# Landscaping ideas under a large Pine



## Lynch (Apr 2, 2009)

Hello,

We purchased our house last summer and in the front yard we have a rather large 30+ foot Pine tree in our front yard. At first we thought about cutting it down but instead decided to limb it up about 6 feet to give more visibility for our front yard and house. Now we are left with a large empty area below the tree that I'm not quite sure what to do with. I'd like to put some kind of edging around it with some mulch and maybe plant some hostas. I'm looking for other ideas on what I can do at the base of the tree. Below is the best picture I can find at the moment. 

Thanks for any help!


----------



## Bill7 (Dec 18, 2009)

I think a block/brick colored edging with colored landscape rock would look nice. Not sure what grows under pines/spruces.


----------



## Lynch (Apr 2, 2009)

I was thinking of doing some kind of edging basically around where you can see there is no growth under the tree.

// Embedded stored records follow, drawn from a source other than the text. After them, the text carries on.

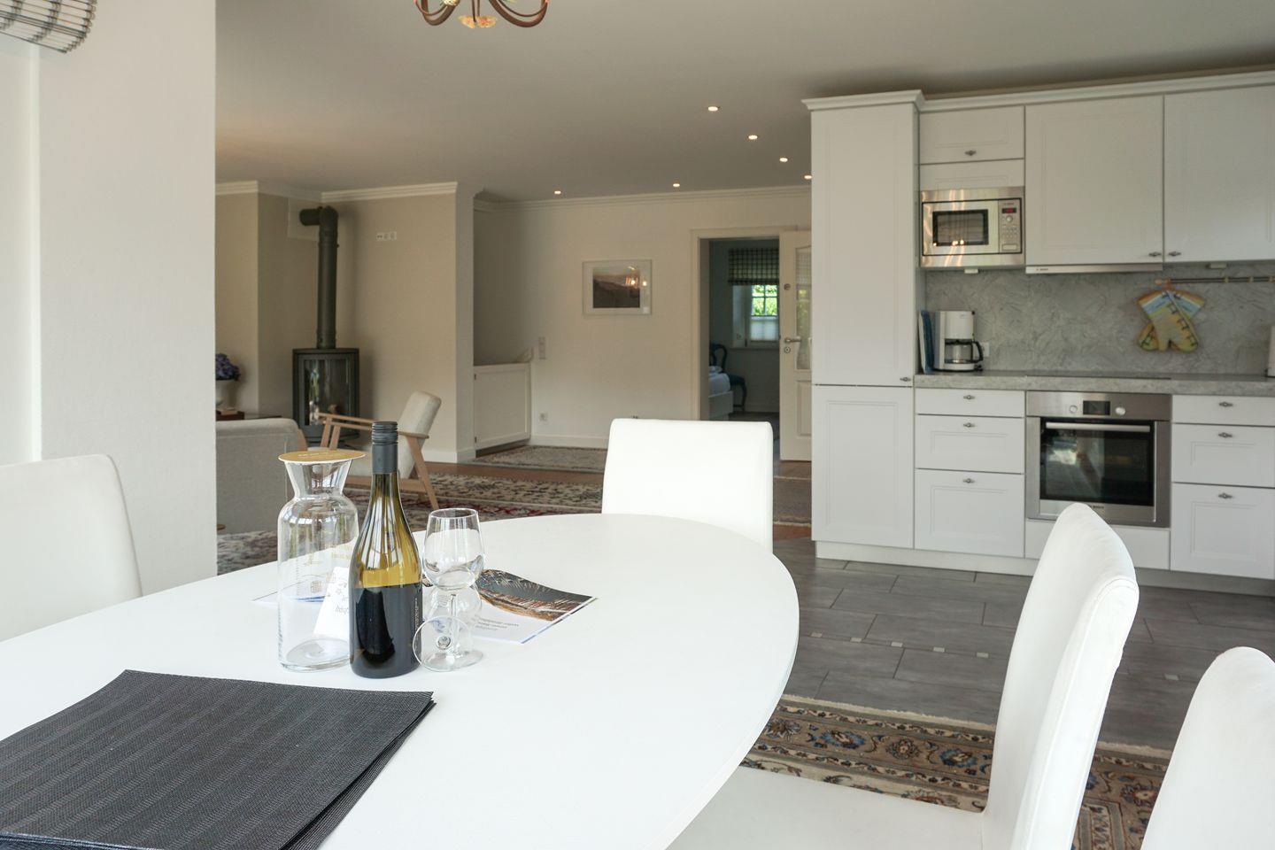 In der Wohnung angekommen erwartet Sie ein offener Wohn-Essbereich (45qm) mit integrierter voll ausgestatteter Küche mit direktem Zugang über den Wintergarten zur Terrasse mit Strandkorb und großem, windgeschützten Sitzbereich.
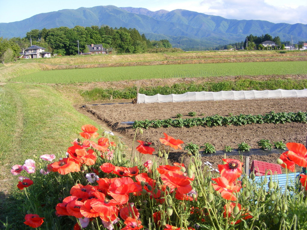 ポピーと田んぼ畑
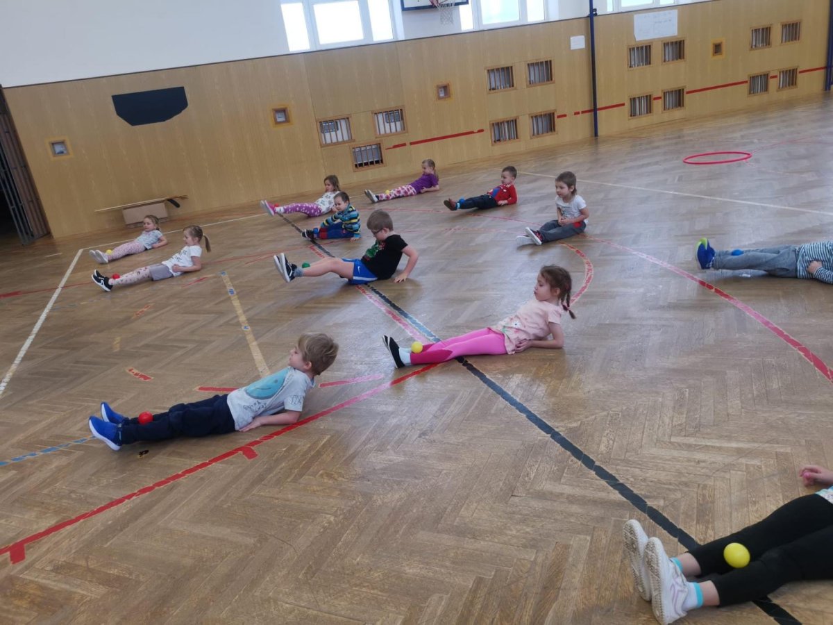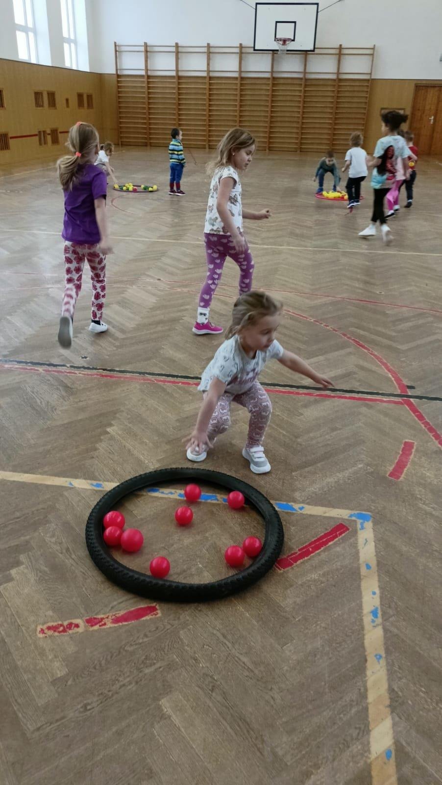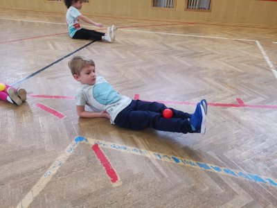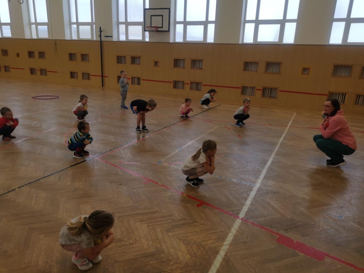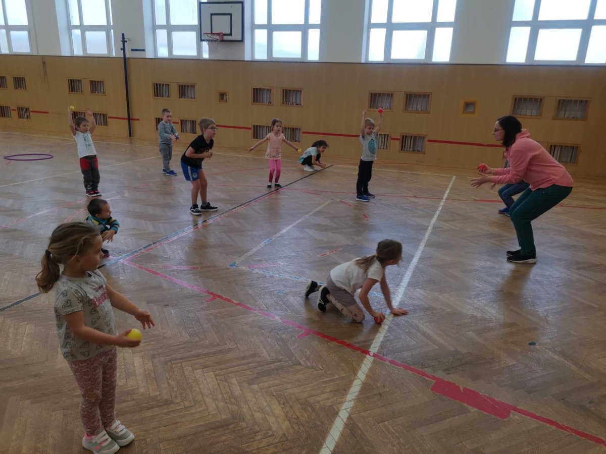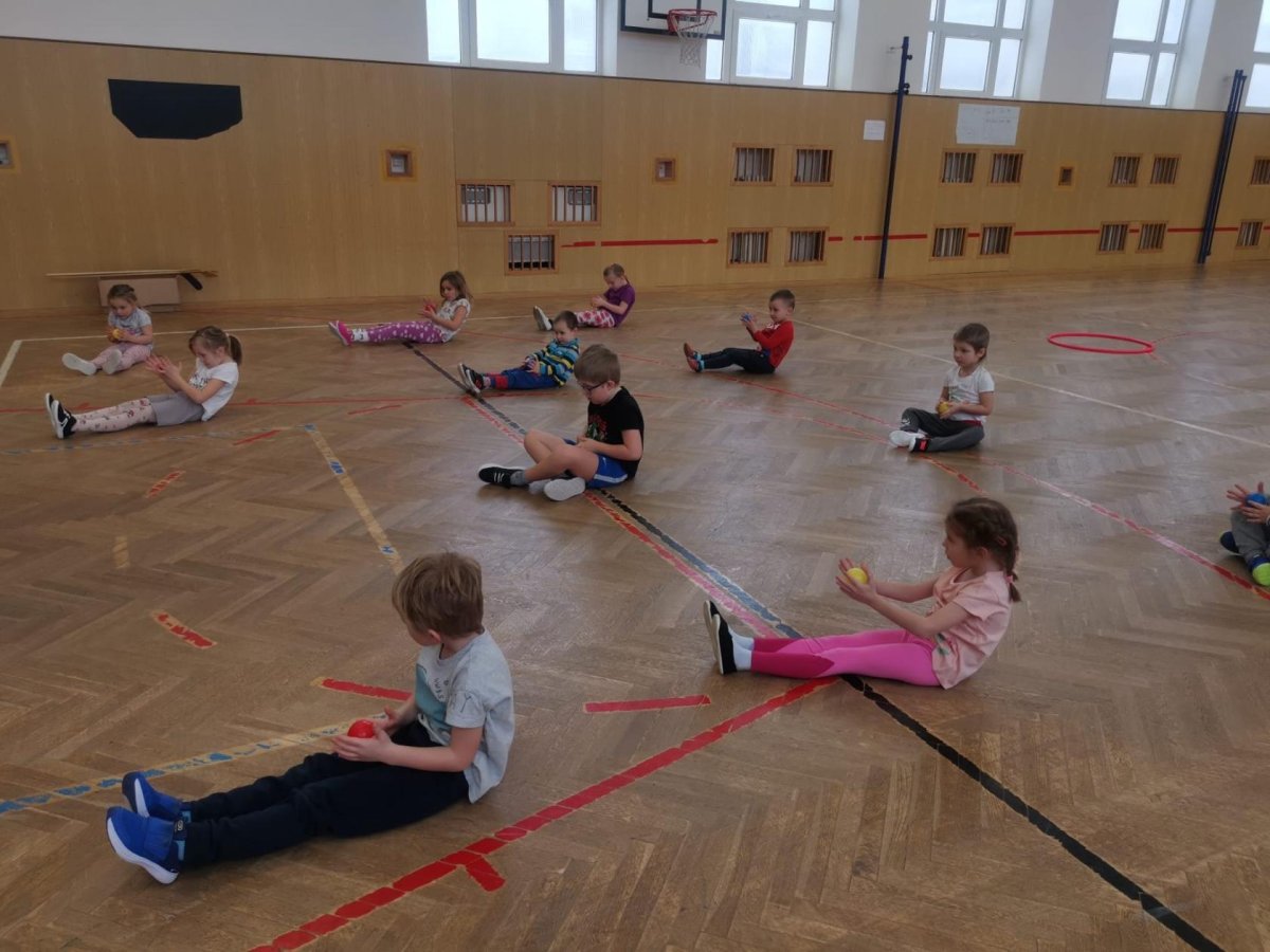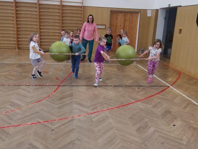 Děti si při cvičení v tělocvičně procvičily rychlost, postřeh, obratnost, třídění podle barev, zručnost, spolupráci ve skupinách a ve dvojicích.
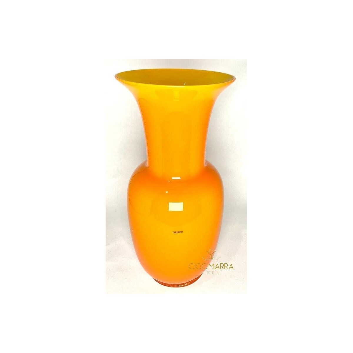 Vaso Venini in edizione limitata Opalino medio di colore Arancione interno verde
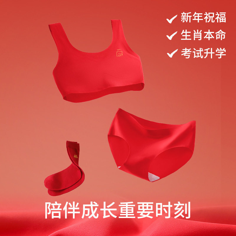 女童红色本命年内衣套装 2025马年衣服儿童少女发育期文胸背心12岁
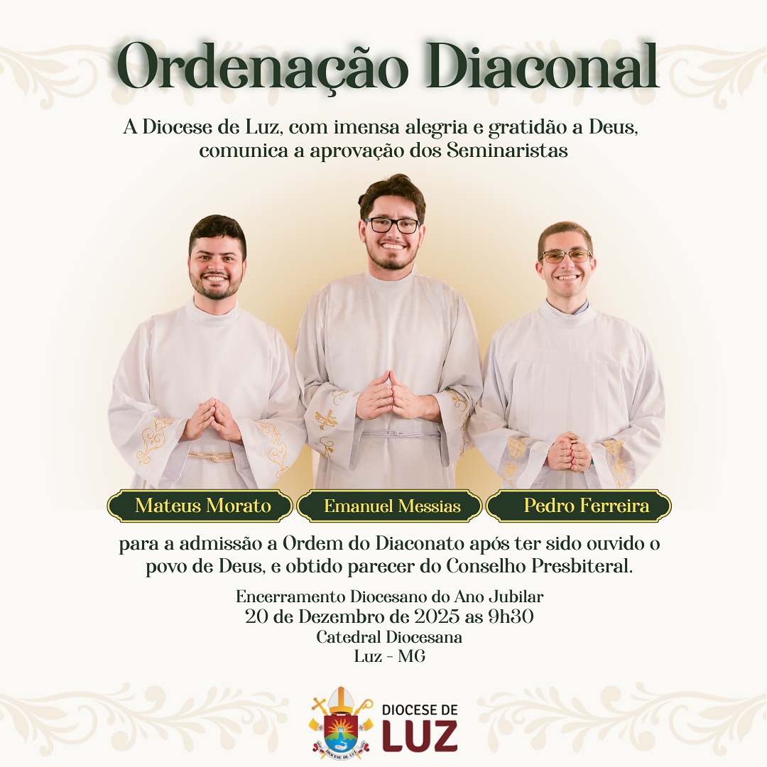 Tendo sido ouvido o Povo de Deus, e se obtido o parecer favorável do Conselho Presbiteral, os Seminaristas Emanuel, Mateus e Pedro Ferreira receberão a Ordenação Diaconal na celebração diocesana de encerramento do Ano Jubilar, essa acontecerá em 20 de Dezembro de 2025 às 9h30 na Catedral Diocesana de Luz.
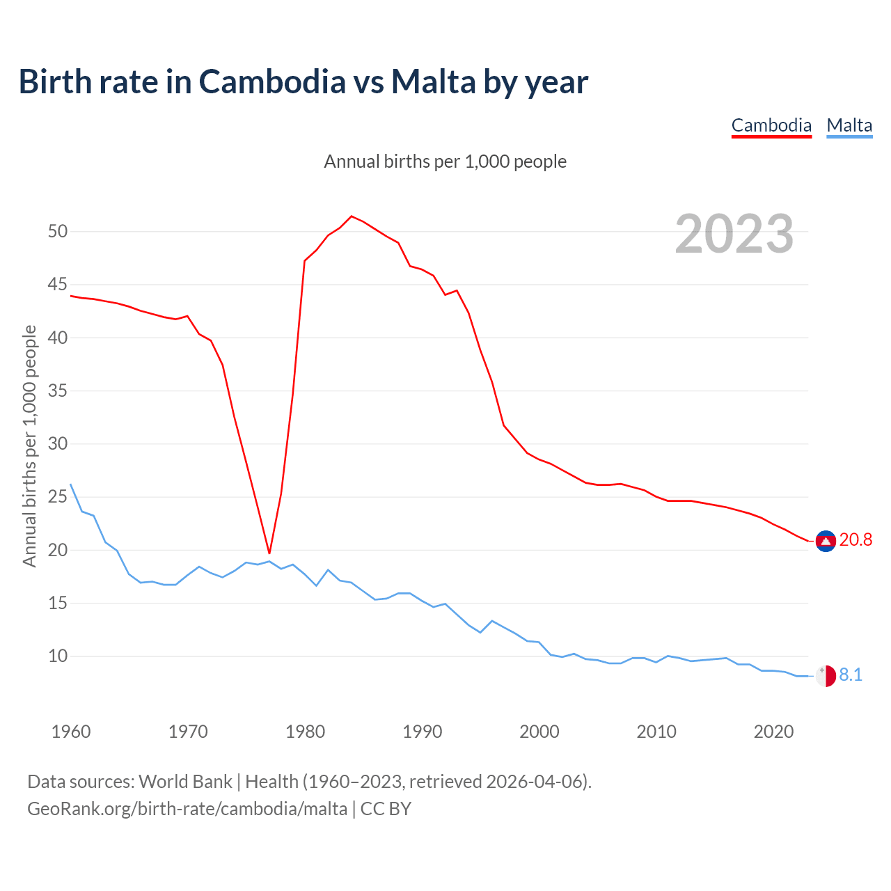 GeoRank.org/birth-rate/cambodia/malta | CC BY
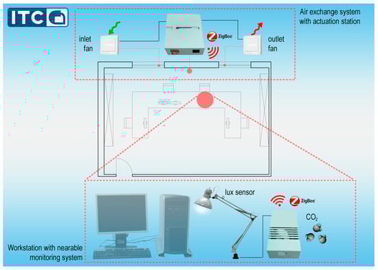 The system was installed in an office, located on the first and top floor of a building, with an area of about 42 m2 (7.81 m × 5.37 m) normally occupied by four workers (Figure 6a). A carbon dioxide (CO2) concentration sensor and a lux meter (LX) were installed in the office close to the workplace where the IAQ and ILQ are analyzed (Figure 6b). Both sensors were placed on the desktop next to the nearable and were connected to a data logger (D). The energy meter (EM) ABB OD 1365, connected to the mechanical ventilation and lighting systems, completed the monitoring equipment. Both sensors and energy meters were connected to a data logger (D). The data of the environmental variables were recorded every 10 s then averaged every minute. The consumption data were aggregated and recorded every day. All data were stored on a memory card. The experimentation was carried out from 23 May to 5 June 2016. The experimentation provided two different configurations: in the former, between 23 May and 29 May, the workers could open the windows manually and in the latter, between May 30 and June 05, the automatic control managed the operation of an air exchange system for the air quality control.
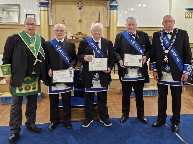 At the regular meeting of Lodge Ballingry No. 1183, held on Monday, 14 April 2025, three distinguished members were honoured with Jubilee Certificates in recognition of their long service to Lodge Ballingry. One for 60 years of membership and two for 50 years.
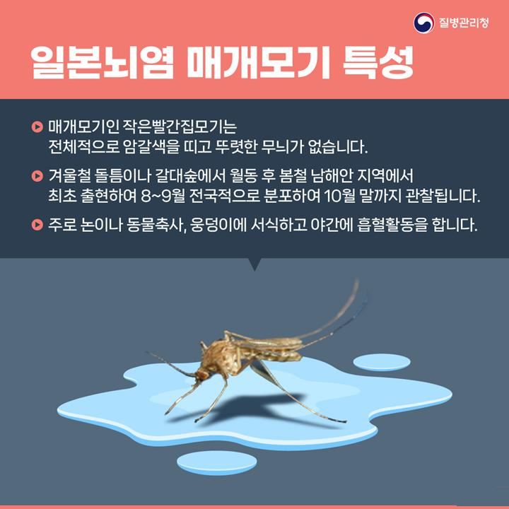 ‘일본뇌염’은 작은빨간집모기에 물렸을 경우 혈액 내로 전파되는 일본뇌염 바이러스에 의해 급성으로 신경계 증상을 일으키는 감염병으로 모기의 활동이 활발한 9~10월에 80%가 발생한다.

And then filling it with a shallow layer of mulch and then maybe planting some hostas (would those survive?).

Any other ideas?


----------



## gma2rjc (Nov 21, 2008)

I was thinking the same thing Lynch. Some edging, a layer of mulch and some Hostas.

I've seen them growing under Pine trees before. They always look nice. Another plant that looks nice, once it fills in, is Bugleweed (Ajuga). Azalea's, Impatiens and Rhododendrons seem to do well under Pine trees too.


----------



## zacker (Mar 26, 2010)

google shade gardening.. and thing large rocks and stones for ground cover .. it will look nice


----------



## downunder (Jun 13, 2008)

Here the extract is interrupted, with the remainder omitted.